00:00 Let's do a more interesting example.
00:02 I'm going to load in the text of Harry Potter,
00:05 split it into words, and use list comprehensions to filter
00:10 out stop words, or other words that are not meaningful.
00:15 So let's load in Harry Potter, and parse the response,
00:20 which is response.text, I lowercase it,
00:25 and I split it into a list of words.
00:28 And you can see that by just getting a slice.
00:34 Cool. And let's see the most common words so far.
00:47 Right, well here are stop words
00:50 we're not really interested in,
00:52 and the dataset also has a couple of other characters,
00:56 that should not really be taken into account,
00:59 for example, do we have a dash in words?
01:06 Right, so we need to filter that out as well.
01:08 So let's clean out any non-alphabetic characters first.

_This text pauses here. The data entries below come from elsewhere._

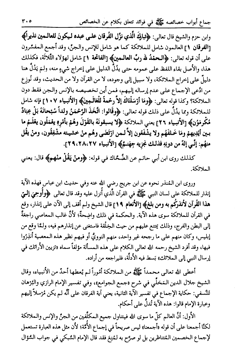 وابن حزم والشيخ قال تعالى: تَبارَكَ الَّذِي نَزَّلَ الْفُرْقانَ عَلى عَبْدِهِ لِيَكُونَ لِلْعالَمِينَ نَذِيراً [الفرقان 1] العالمون شامل للملائكة كما هو شامل للإنس والجن، وقد أجمع المفسرون على أن قوله تعالى: الْحَمْدُ لِلَّهِ رَبِّ الْعالَمِينَ [الفاتحة 2] شامل لهؤلاء الثلاثة، فكذلك هذا، والأصل بقاء اللفظ على عمومه حتى يدل الدليل على إخراج شيء منه، ولم يدل هنا دليل على إخراج الملائكة، ولا سبيل إلى وجوده، لا من القرآن ولا من الحديث، وقد نوزع من ادعى الإجماع على عدم إرساله إليهم، فمن أين تخصيصه بالإنس والجن فقط دون الملائكة؟ وكذا قوله تعالى: وَما أَرْسَلْناكَ إِلَّا رَحْمَةً لِلْعالَمِينَ [الأنبياء 107] فإنه شامل للملائكة ومما يدل على ذلك قوله تعالى: وَقالُوا: اتَّخَذَ الرَّحْمنُ وَلَداً سُبْحانَهُ بَلْ عِبادٌ مُكْرَمُونَ [الأنبياء 26] يعني الملائكة لا يَسْبِقُونَهُ بِالْقَوْلِ وَهُمْ بِأَمْرِهِ يَعْمَلُونَ يَعْلَمُ ما بَيْنَ أَيْدِيهِمْ وَما خَلْفَهُمْ وَلا يَشْفَعُونَ إِلَّا لِمَنِ ارْتَضى وَهُمْ مِنْ خَشْيَتِهِ مُشْفِقُونَ، وَمَنْ يَقُلْ مِنْهُمْ: إِنِّي إِلهٌ مِنْ دُونِهِ فَذلِكَ نَجْزِيهِ جَهَنَّمَ [الأنبياء 27، 28، 29] .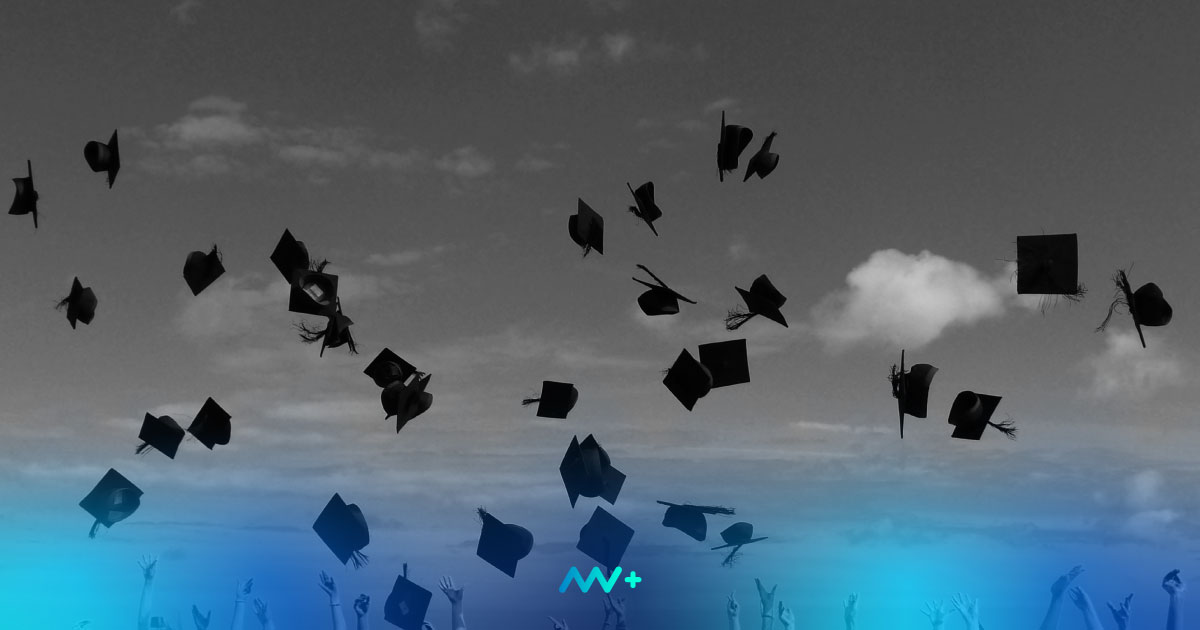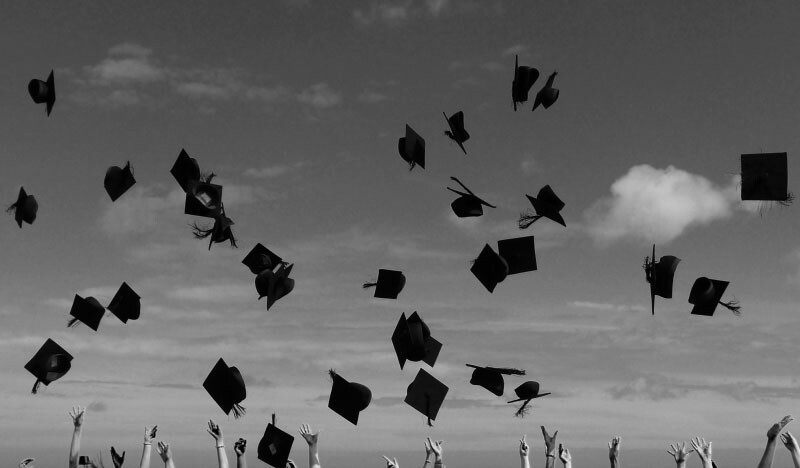 University graduation ceremony, caps flying in the air. | Photo credit: Stock
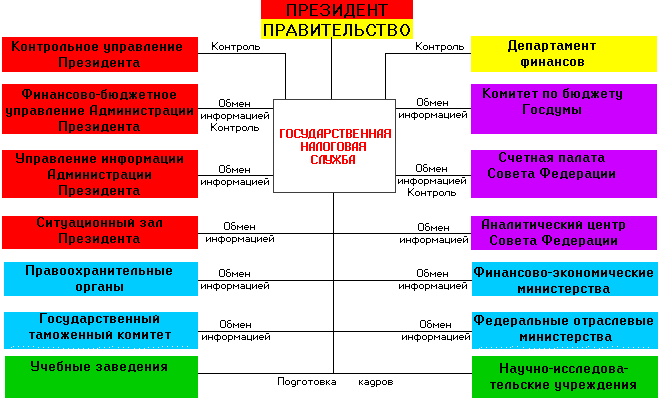 Рис. 1 Взаимодействие Госналогслужбы с министерствами и ведомствами по формированию налоговой политики

01:17 So this looks over the words, and any word that contains
01:20 one or more non-alphabetic, or alphanumeric even,
01:24 characters gets stripped out, and I do realize
01:28 that that might lead to empty words in the result list,
01:31 but next we will have another list comprehension that
01:35 takes care of that. So is the dash gone?
01:42 And yes its gone, but we still have stop words,
01:46 for example "the", which we're not really interested in.
01:50 So let's do another list comprehension to filter those out,
01:54 but for that I need a list of stop words.
01:57 I already prepared it, and the code is the same
02:00 as loading in Harry, I'm just going to copy/paste that.
02:05 And here you have a list of all the stop words.
02:11 Let's wipe those stop words out of the words list so far.
02:16 So words equals word for word in words.
02:22 If word strip, and that's what I said before.
02:26 There might be some empty strings in there,
02:28 and by checking if word strip is true,
02:32 you're basically saying, discard any empty strings.
02:37 So if you have a non empty string,
02:40 and the word is not in stop words, then it's a go.
02:47 So we need non empty words, and a word
02:49 that's not a stop word. If so, store that into the new list.
02:54 And then we can do a simple check.
02:57 If "the" is still in words, and now it's gone.
03:01 Now let's do the counter again,
03:06 and see if we have a more relevant result.
03:12 And there you go, there's the Dumbledore.
03:15 I have to confess I didn't read Harry Potter,
03:18 but this sounds more like Harry Potter.
03:21 So, I think this was a great example to show you
03:25 how you can use list comprehension to clean up data
03:29 for analysis using few lines of code.